Selendang Ningratri
CERPEN TANTRINI ANDANG

AKU tidak tahu sudah berapa lama memandangi lukisan setinggi hampir satu meter itu. Seluruh diriku seakan tersedot oleh pesona perempuan dalam lukisan itu.
Wajahnya ayu khas perempuan Jawa yang alami dan lembut. Kebaya warna kuning gading dengan selendang hijaunya menambah pesona yang dimilikinya. Selendang itu seolah benar-benar berkibar dan melayang karena sebuah gerakan seblak.
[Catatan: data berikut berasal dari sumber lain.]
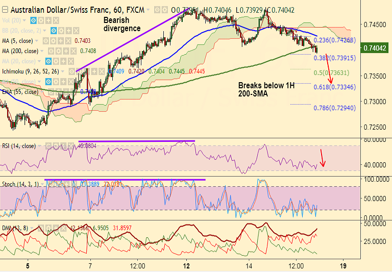 Call update: Our previous call (https://www.econotimes.com/FxWirePro-AUD-CHF-slips-below-hourly-cloud-eyes-1H-200-SMA-at-07395-stay-short-1204275) has hit TP1.

Ah, kurasa bukan hanya selendangnya. Seluruh lukisan itu memang terlihat hidup. Bahkan mata bening penari itu juga seolah sedang menatapku, membuatku ingin terus memandangnya.
Tanpa sadar aku melangkah lebih dekat lagi dengan lukisan itu. Kuraba bagian wajah penari itu hanya untuk meyakinkan diriku sendiri bahwa perempuan ayu itu sekedar sebuah lukisan, bukan perempuan sungguhan.
Sialan! Kuakui pembuat lukisan ini sangat piawai memainkan kuasnya hingga lukisan di depanku ini benar-benar tampak nyata.
Kata Om Seno, konon perempuan penari dalam lukisan ini dulu memang pernah ada. Pelukisnya masih terhitung sebagai salah satu kakek buyutku sendiri. Tepatnya adik kandung dari eyang buyut putri yang melahirkan eyang putriku. Hanya sedikit anggota keluarga besarku yang memiliki bakat melukis. Aku adalah salah satunya. Namun lukisan kakek buyut ini memang sangat luar biasa.
Perempuan dalam lukisan itu sedang menari di tengah sebuah pelataran terbuka. Cahaya bulan menyinari pelataran dan memantulkan kilaunya di wajah mulusnya. Ada kerumunan penonton yang berdiri di belakang dan sisi kirinya.
Di sebelah kanan tampak seperangkat gamelan dengan para penabuhnya yang bertelanjang dada. Semua dilukiskan secara detil. Di bagian bawah, tepatnya di dekat tanda tangan kakek buyut, terdapat tulisan dengan ukuran kecil: Ningratri.